The docking results revealed that most active compound 4m is properly located at the binding site of the Cys205 and Gly238 amino acid residues and numerous interactions occur between it and the binding region of the enzyme. The four key hydrogen bond interactions occur: (1) between the NH of Gly238 and the O of the oxadiazole ring; (2) between the NH of Gly238 and the N of the oxadiazole ring; (3) between the NH of Cys285 and the N of the oxadiazole ring; (4) between the NH of THR288 and the N of the pyridine ring residue (Figure 3). The hydrogen bonding distances observed were 1.549 Å (O···H-NH-Gly238), 2.712 Å (N···H-NH-Gly238), 2.429 Å (N···H-NH-Cys285) and 2.092 Å between the N of the pyridine ring and NH of THR288 (N···H-NH-THR288).

Akin to compound 4m, compound 10b was also docked at the same binding pockets having Cys205 and Gly238 amino acid residues (Figure 4). The result showed the formation of two hydrogen bonds: (1) between the NH of Cys205 and the O of the oxadiazole ring (O···H-NH-Cys205), having 2.145 Å bond distance; (2) between the NH of Cys205 and the N of the oxadiazole ring (N···H-NH-Cys205) with 2.614 Å bond length.

The docking results revealed that the hydrogen bonding may be responsible for biological activity, which may be further increase upon adding more electronegative substitutions.
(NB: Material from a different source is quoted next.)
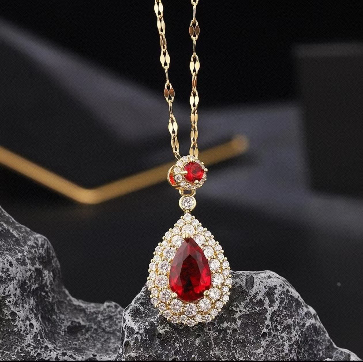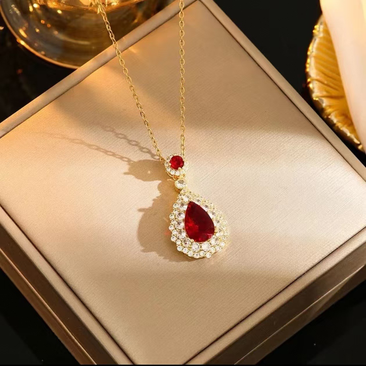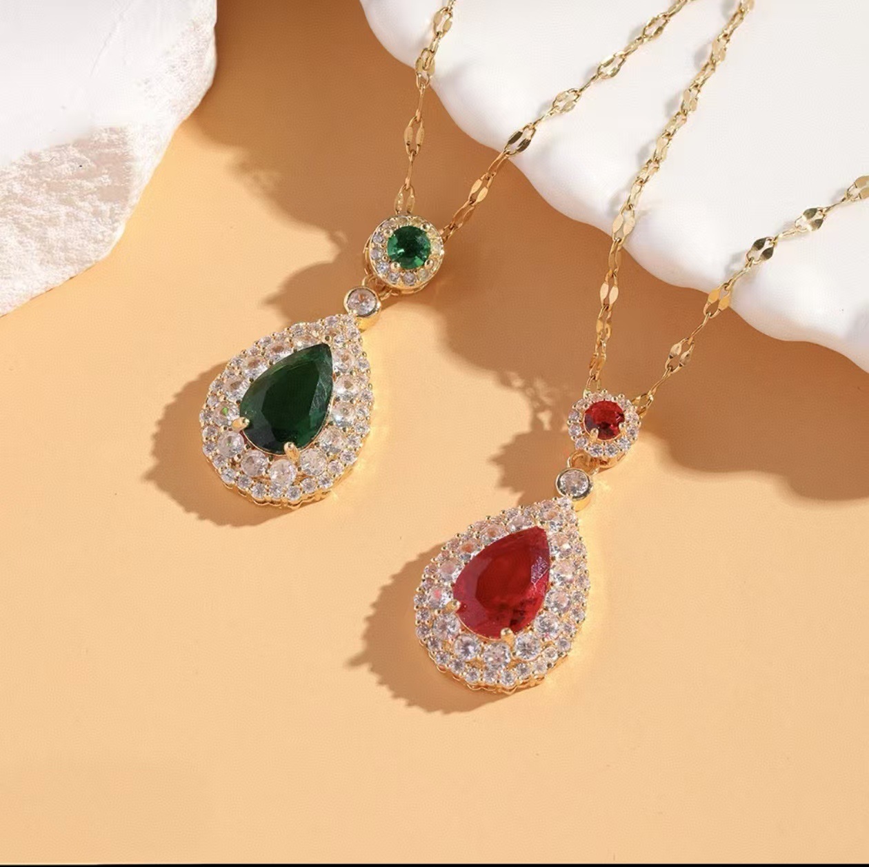 Color: Golden red zirconium cross chain

The correlation between the dock score and the experimental activity is shown graphically in Figure 5, which shows a linear correlation between the dock score and biological activity.
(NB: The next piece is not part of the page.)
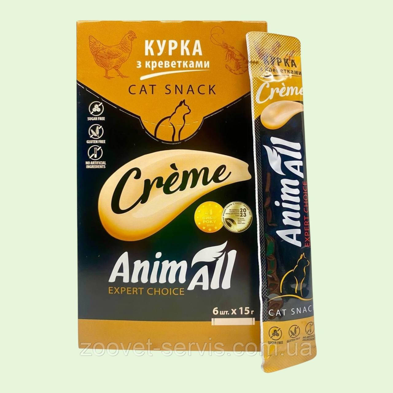 AnimAll Cat Snack Creme зі смаком курки та креветок рідкі ласощі для котів і кошенят (6 стіків х 15 г)

The results of the QSAR analysis clearly show that upon increasing the polarity in terms of theionization potential (IP), dipole moment (DM) and polar surface area (PSA), biological activity will also be enhanced. The docking results also support the QSAR outcomes.

4. Conclusions

In conclusion, the current QSAR studies established a reliable QSAR model with high predictive ability with q² = 0.610, r² = 0.743 and low standard error (SE) = 0.130 and four principal components. The predicted value of the external test set (pred_r²) was also high (i.e., 0.553). The developed model was reliable, which indicated the importance of substitution in 1,2,4-oxadiazoles at their respective positions to improve anticancer activity. The positive contribution of ionization potential (IP), dipole moment (DM) and polar surface area (PSA) is conducive for biological activity, and further addition of these substitutions increases anticancer activity, while the negative contribution of the bromine count signifies the lower number of bromine encouraging the biological activities. The docking results explore the binding mode between the ligands and the receptor.